MATERIAL FOR THE TASK –
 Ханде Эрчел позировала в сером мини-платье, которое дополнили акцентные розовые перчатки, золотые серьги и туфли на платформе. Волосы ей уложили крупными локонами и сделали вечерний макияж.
* * *
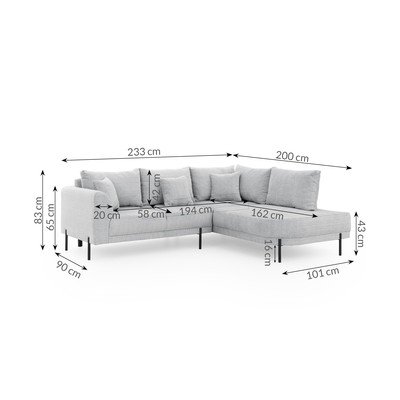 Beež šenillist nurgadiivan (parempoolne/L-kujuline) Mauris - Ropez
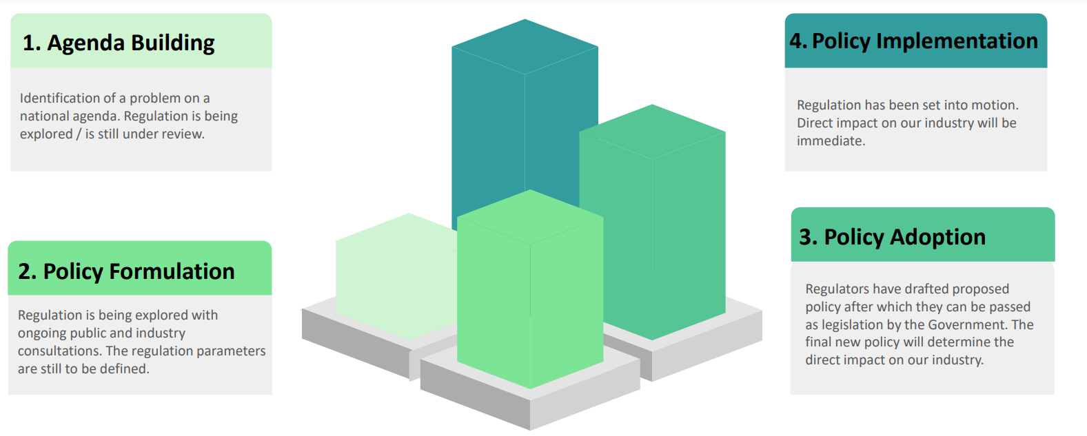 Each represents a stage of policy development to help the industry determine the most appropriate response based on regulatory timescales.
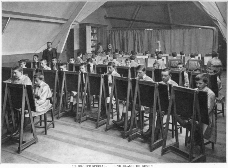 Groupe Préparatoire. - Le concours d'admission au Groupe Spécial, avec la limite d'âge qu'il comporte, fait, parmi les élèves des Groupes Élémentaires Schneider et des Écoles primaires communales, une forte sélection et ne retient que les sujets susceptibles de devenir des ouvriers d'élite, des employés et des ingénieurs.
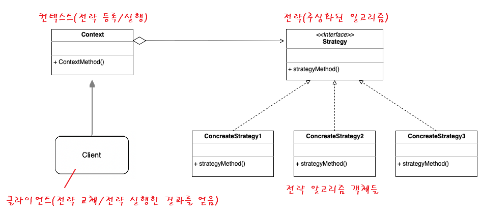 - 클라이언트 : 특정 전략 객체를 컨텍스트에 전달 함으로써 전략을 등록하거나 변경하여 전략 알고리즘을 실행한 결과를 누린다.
---
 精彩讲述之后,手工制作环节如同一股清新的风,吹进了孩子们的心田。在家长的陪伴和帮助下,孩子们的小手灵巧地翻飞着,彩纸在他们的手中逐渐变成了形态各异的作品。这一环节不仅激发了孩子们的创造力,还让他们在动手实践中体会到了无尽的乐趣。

WHAT TO WORK ON – A clean copy is needed of the lines above from the one with "Each represents a" up to and including the one with "- 클라이언트 : 특정". Please set it down exactly, with no pictures.

REPLY TO THE EXERCISE –
 Each represents a stage of policy development to help the industry determine the most appropriate response based on regulatory timescales.
 Groupe Préparatoire. - Le concours d'admission au Groupe Spécial, avec la limite d'âge qu'il comporte, fait, parmi les élèves des Groupes Élémentaires Schneider et des Écoles primaires communales, une forte sélection et ne retient que les sujets susceptibles de devenir des ouvriers d'élite, des employés et des ingénieurs.
 - 클라이언트 : 특정 전략 객체를 컨텍스트에 전달 함으로써 전략을 등록하거나 변경하여 전략 알고리즘을 실행한 결과를 누린다.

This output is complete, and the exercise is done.